### Task to carry out
Drop the images; return everything else in the listing below exactly.

### Given material

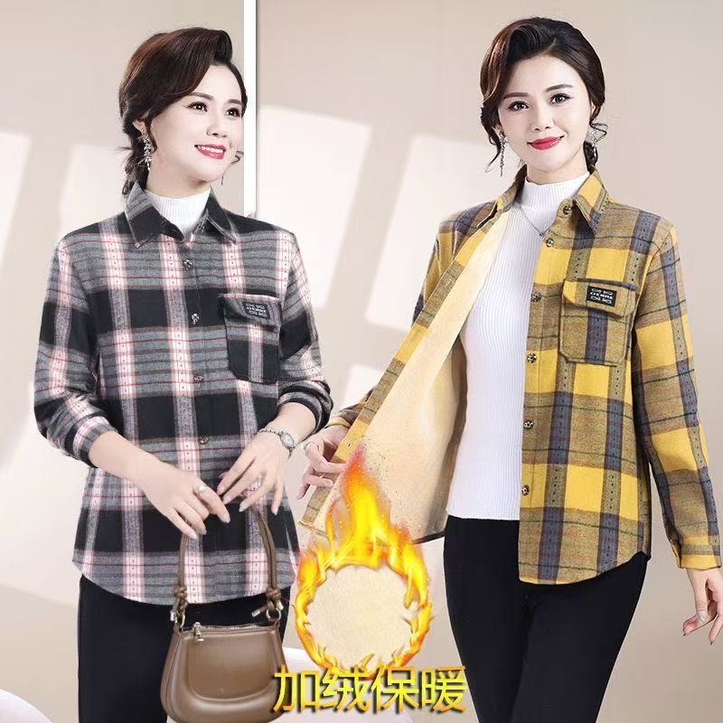 中老年女装妈妈春秋装加绒格子衬衫外套长袖宽松新款百搭衬衣外套
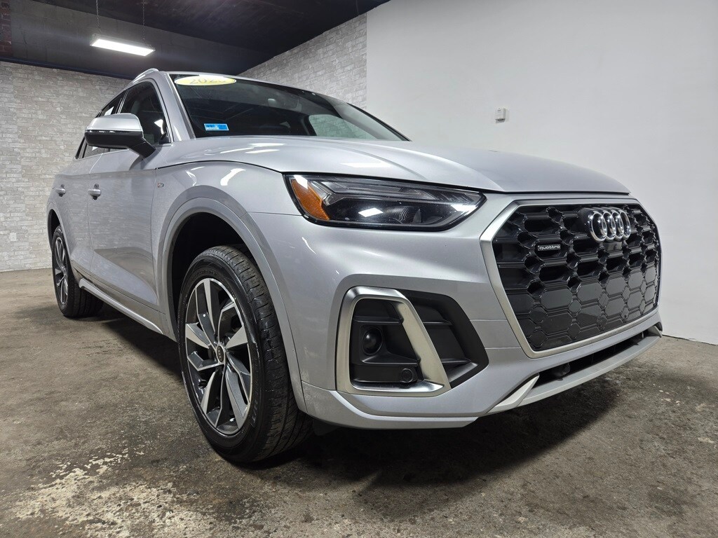 2023 Audi Q5 4D Sport Utility 45 S line Premium Plus quattro Florett Silver Metallic 7-Speed Automatic S tronic 2.0L Turbocharged Black w/Leather Seating Surfaces, ABS brakes, Alloy wheels, Audi Active Lane Assist, Audi Advanced Key, Audi Virtual Cockpit Plus, Auto-Dimming Power Folding Exterior Mirrors, Bang & Olufsen Sound System w/3D Sound, Compass, Convenience Package, Driver Seat Memory, Electronic Stability Control, Front dual zone A/C, Hands-On Detection Steering Wheel, Heated door mirrors, Heated front seats, Heated Steering Wheel, Illuminated entry, Leatherette Covered Center Console & Door Armrests, Low tire pressure warning, Panoramic Sunroof, Power Adjustable Steering Column, Power Liftgate, Premium Plus Package, Remote keyless entry, SiriusXM w/360L, Top View Camera System, Traction control, Traffic Jam Assist, Wheels: 19" 5-Double-Arm Design Bi-Color Finish. 2023 Audi Q5 45 S line Premium Plus quattro quattro
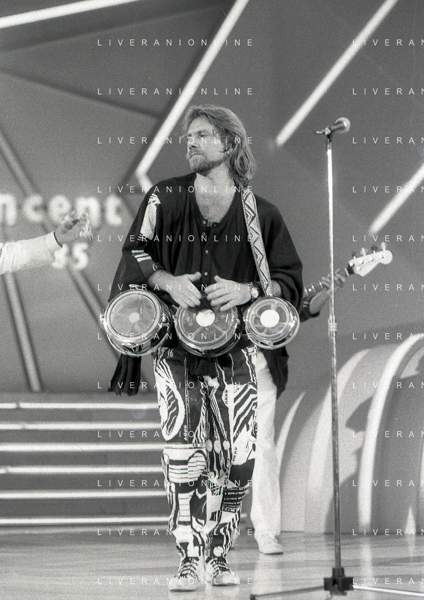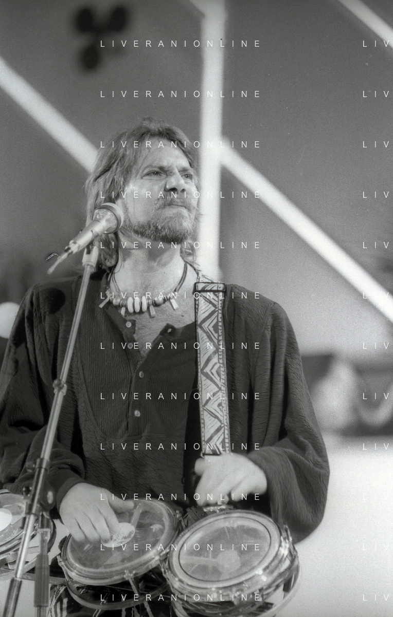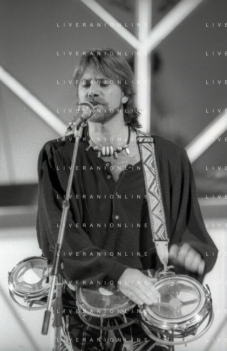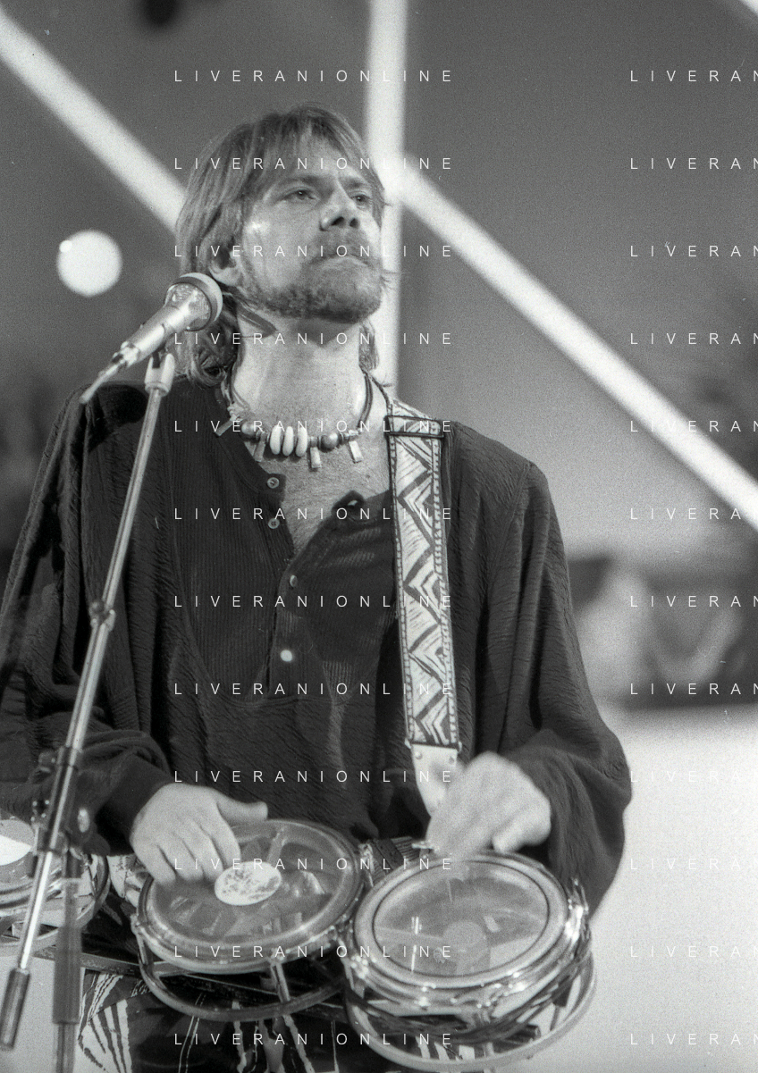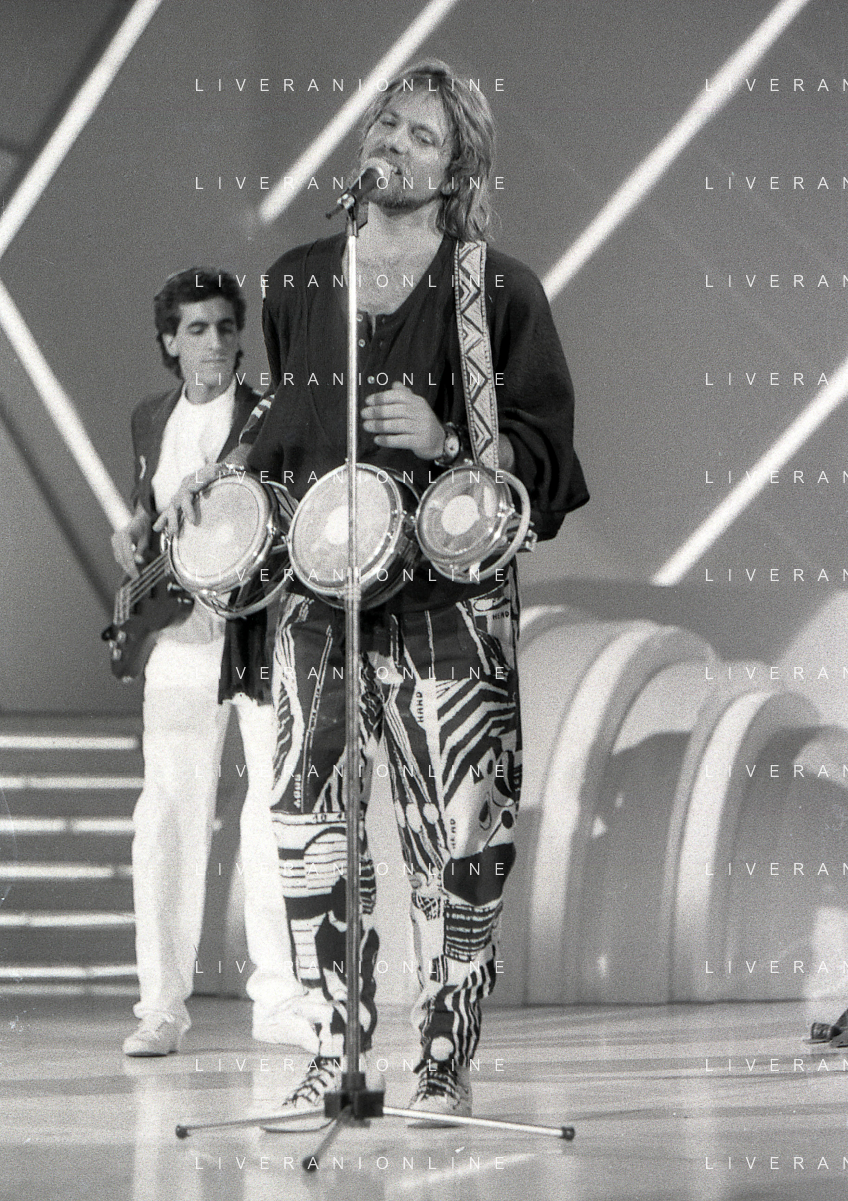 NEG-RETROSPETTIVA TONY ESPOSITO MUSICISTA-PERCUSSIONISTA E CANTAUTORE NELLA FOTO TONY ESPOSITO NELL'ANNO 1985 A SAINT VINCENT CON LU COLOMBO AG ALDO LIVERANI SAS

### Answer box
 中老年女装妈妈春秋装加绒格子衬衫外套长袖宽松新款百搭衬衣外套
 2023 Audi Q5 4D Sport Utility 45 S line Premium Plus quattro Florett Silver Metallic 7-Speed Automatic S tronic 2.0L Turbocharged Black w/Leather Seating Surfaces, ABS brakes, Alloy wheels, Audi Active Lane Assist, Audi Advanced Key, Audi Virtual Cockpit Plus, Auto-Dimming Power Folding Exterior Mirrors, Bang & Olufsen Sound System w/3D Sound, Compass, Convenience Package, Driver Seat Memory, Electronic Stability Control, Front dual zone A/C, Hands-On Detection Steering Wheel, Heated door mirrors, Heated front seats, Heated Steering Wheel, Illuminated entry, Leatherette Covered Center Console & Door Armrests, Low tire pressure warning, Panoramic Sunroof, Power Adjustable Steering Column, Power Liftgate, Premium Plus Package, Remote keyless entry, SiriusXM w/360L, Top View Camera System, Traction control, Traffic Jam Assist, Wheels: 19" 5-Double-Arm Design Bi-Color Finish. 2023 Audi Q5 45 S line Premium Plus quattro quattro
 NEG-RETROSPETTIVA TONY ESPOSITO MUSICISTA-PERCUSSIONISTA E CANTAUTORE NELLA FOTO TONY ESPOSITO NELL'ANNO 1985 A SAINT VINCENT CON LU COLOMBO AG ALDO LIVERANI SAS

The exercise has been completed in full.